- Exercise details: Type out the data exactly as given. Skip any image.

- Raw data:
==========

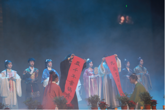 接下来,由我院汉服社、书法协会、茶艺社联合带来表演《江州行》,表演者们身着汉服、手执毛笔,将书法与古典舞蹈结合,为观众带来了一场汉服与书法的视觉盛宴。紧接着,由四川长江职业学院、四川国际标榜职业学院分别带来舞蹈表演《Show me》和《I'm not cool》,将现场气氛推向高潮,现场掌声连绵不断,观众们纷纷拿起手中的荧光棒,为之欢呼。我院山海话剧团带来的情景剧《聚,是一团火》,以疫情为主题,展现了疫情严重之时,伟大志愿者们主动请缨,奋战一线的奉献精神,令现场观众热泪盈眶。
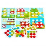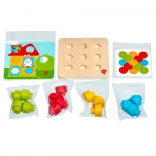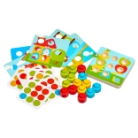 1× Holzsockel mit Löchern, 14× großer, farbiger Holzstift, 12× beidseitige Vorlage (6 perforierte Bilder + 6 farbige Schablonen)
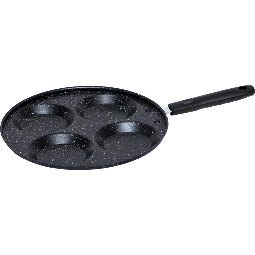 Сковорода з поділом та поглибленнями для яєчні та млинців з антипригарним покриттям.

==========

- Your response:
 接下来,由我院汉服社、书法协会、茶艺社联合带来表演《江州行》,表演者们身着汉服、手执毛笔,将书法与古典舞蹈结合,为观众带来了一场汉服与书法的视觉盛宴。紧接着,由四川长江职业学院、四川国际标榜职业学院分别带来舞蹈表演《Show me》和《I'm not cool》,将现场气氛推向高潮,现场掌声连绵不断,观众们纷纷拿起手中的荧光棒,为之欢呼。我院山海话剧团带来的情景剧《聚,是一团火》,以疫情为主题,展现了疫情严重之时,伟大志愿者们主动请缨,奋战一线的奉献精神,令现场观众热泪盈眶。
 1× Holzsockel mit Löchern, 14× großer, farbiger Holzstift, 12× beidseitige Vorlage (6 perforierte Bilder + 6 farbige Schablonen)
 Сковорода з поділом та поглибленнями для яєчні та млинців з антипригарним покриттям.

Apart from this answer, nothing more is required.